Йохен Никель дернул Михаэля Кошенца за рукав. Гигант последовал за ним с большой охотой.

— Итак, пока! — бросил он и вышел из комнаты.

Из коридора послышался голос Никеля:

— Граждане, запирайте на замок девиц, выходят вольные стрелки!

Бруно Преллер усмехнулся. Его тоже тянуло последовать за ними, но он пока не спешил.

— А почему именно химию? — спросил Андреас абитуриента.

— Почему, почему… Действительно, почему? — Шорнбергер сдвинул фуражку на затылок и просунул большие пальцы под ремень. — Потому что я нахожу в этом удовольствие. Во всяком случае, так мне кажется. Поскольку в химии есть еще белые пятна. Загадочные явления. Удивительные возможности…

— Могу предположить, что на свете еще есть люди, собирающиеся стать химиками, разработать новые, более совершенные лекарства, средства, чтобы штаны носились дольше или продуктов стало больше. К примеру! — Андреас Юнгман внимательно посмотрел на абитуриента.

Эгон Шорнбергер взглянул на часы:

— Теперь, пожалуй, уже нет смысла идти.

— Тем не менее, — проговорил Бруно Преллер.

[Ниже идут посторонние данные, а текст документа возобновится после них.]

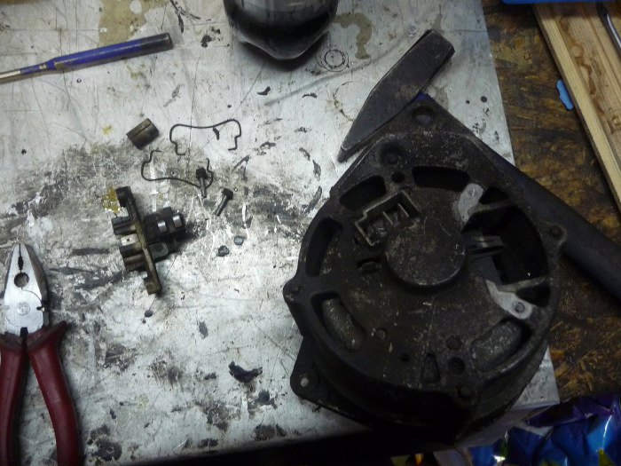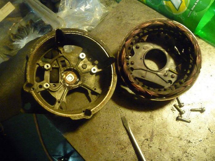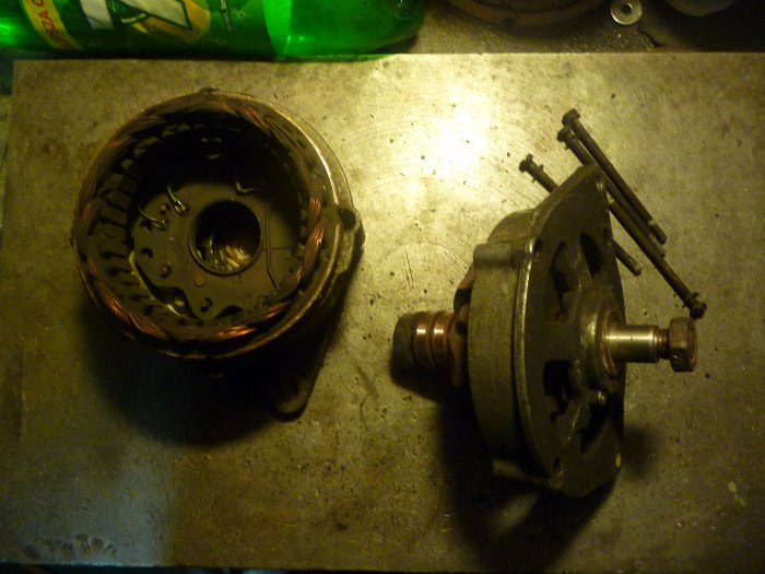 Śruby łączące dwie połówki obudowy alternatora też nie poddały się łatwo, ustąpiły dopiero pod wpływem perswazji palnikiem.

Он рассматривал в карманном зеркальце свой галстук. Убедившись, что все в порядке, он закрыл дверцу шкафа. При этом взгляд его скользнул по картине с распятием.

— Мой отец помнит еще старого Хайно Ранкевитца, которого у нас в свое время слушала половина деревни, — начал Хейнц Кернер.

Эгон Шорнбергер снял ремень и расстегнул куртку. Он сморщил нос, ибо догадывался, куда клонит гобоист.

— Дедушкина пыль, — заметил он устало. — Лучше играй в дудку дальше!

Хейнц Кернер покачал головой.

— С тобой станешь умнее! Только потому, что имеются люди, подобные Андреасу, нашему Лаппен-Калле и лейтенанту, ранкевитцы уже не имеют больше решающего слова в нашей деревне. Или здесь, в армии. Да и вообще, парень, такому интеллигентному человеку, как ты, это должно было быть понятным уже давно!

— Точно, — подтвердил Бруно Преллер. Его рука лежала на ручке двери. — Но бог знает почему я не улавливаю необходимости оставаться в армии на три года или там на десять лет… Даже за две тысячи в месяц! Ну а сейчас — пока!

После его ухода в комнате стало тихо. Вечерняя поверка и обход комнат сегодня для второго взвода отпадали. Эгон Шорнбергер первым залез под одеяло. Через несколько минут его дыхание стало глубоким и размеренным. Старший по комнате выключил свет.

Хейнц Кернер спросил, не будут ли ребята возражать, если он поиграет еще с полчасика в темноте. Возражений не было, но при двух условиях: никаких маршей, а тем более песни о желтом тарантасе! Лучше что-нибудь легонькое.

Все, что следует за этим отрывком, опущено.